Task objective:
Using only the entries below, output the lines starting at the one containing "天眼查App显示,近日,广州" and ending at the one containing "View Operators •", exactly and inclusive of both, omitting the pictures.

Information:
-*-

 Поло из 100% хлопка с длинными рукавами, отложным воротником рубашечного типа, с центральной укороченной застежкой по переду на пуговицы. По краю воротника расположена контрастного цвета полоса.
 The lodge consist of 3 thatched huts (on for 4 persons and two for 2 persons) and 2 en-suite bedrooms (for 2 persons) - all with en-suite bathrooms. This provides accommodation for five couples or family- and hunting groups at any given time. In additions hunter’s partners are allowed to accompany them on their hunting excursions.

-*-

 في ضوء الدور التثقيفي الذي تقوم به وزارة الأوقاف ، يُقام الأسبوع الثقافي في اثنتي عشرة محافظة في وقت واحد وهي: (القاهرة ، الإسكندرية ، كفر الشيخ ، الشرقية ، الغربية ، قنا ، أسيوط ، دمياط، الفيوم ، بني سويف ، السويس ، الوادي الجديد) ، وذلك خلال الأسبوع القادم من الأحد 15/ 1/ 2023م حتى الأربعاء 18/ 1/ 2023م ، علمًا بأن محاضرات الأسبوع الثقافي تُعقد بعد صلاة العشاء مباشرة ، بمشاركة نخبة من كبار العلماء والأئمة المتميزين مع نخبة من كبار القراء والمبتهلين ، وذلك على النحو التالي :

-*-

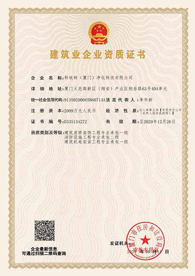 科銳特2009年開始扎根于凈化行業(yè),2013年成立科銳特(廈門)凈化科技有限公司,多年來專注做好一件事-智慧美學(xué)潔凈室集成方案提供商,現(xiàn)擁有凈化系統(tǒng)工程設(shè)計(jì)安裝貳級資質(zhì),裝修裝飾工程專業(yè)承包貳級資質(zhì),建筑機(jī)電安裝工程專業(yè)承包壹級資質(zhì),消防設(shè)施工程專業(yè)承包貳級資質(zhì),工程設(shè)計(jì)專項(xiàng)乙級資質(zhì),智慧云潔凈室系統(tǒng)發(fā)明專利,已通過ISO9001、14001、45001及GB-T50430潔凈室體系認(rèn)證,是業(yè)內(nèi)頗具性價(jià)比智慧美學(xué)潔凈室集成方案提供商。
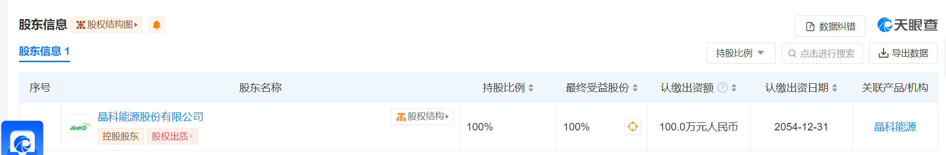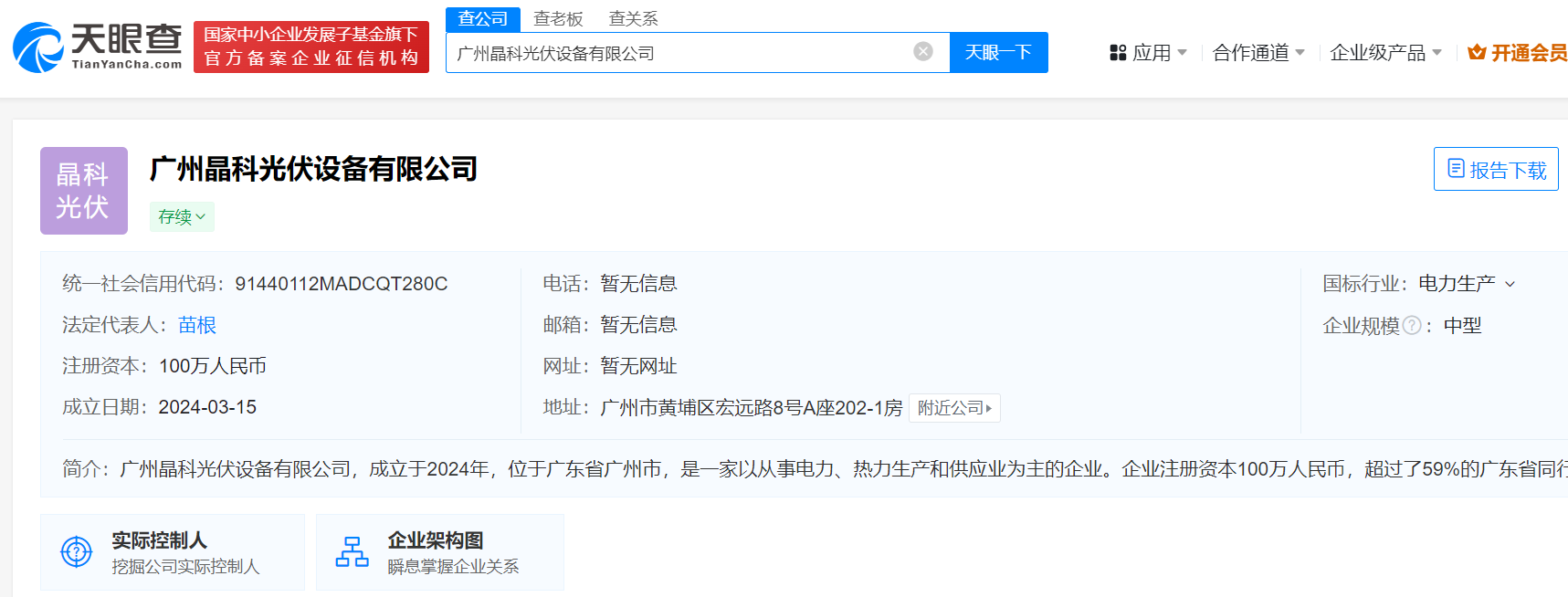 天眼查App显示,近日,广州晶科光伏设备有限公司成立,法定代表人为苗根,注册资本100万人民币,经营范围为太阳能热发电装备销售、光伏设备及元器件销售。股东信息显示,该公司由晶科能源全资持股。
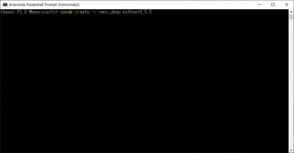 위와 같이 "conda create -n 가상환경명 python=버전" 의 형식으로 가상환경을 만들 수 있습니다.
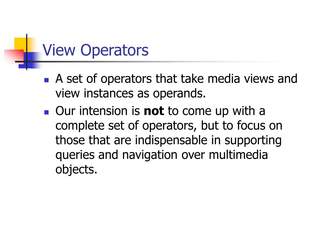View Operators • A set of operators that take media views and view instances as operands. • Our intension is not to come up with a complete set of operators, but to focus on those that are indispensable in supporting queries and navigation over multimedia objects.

-*-

Written answer:
 天眼查App显示,近日,广州晶科光伏设备有限公司成立,法定代表人为苗根,注册资本100万人民币,经营范围为太阳能热发电装备销售、光伏设备及元器件销售。股东信息显示,该公司由晶科能源全资持股。
 위와 같이 "conda create -n 가상환경명 python=버전" 의 형식으로 가상환경을 만들 수 있습니다.
View Operators • A set of operators that take media views and view instances as operands. • Our intension is not to come up with a complete set of operators, but to focus on those that are indispensable in supporting queries and navigation over multimedia objects.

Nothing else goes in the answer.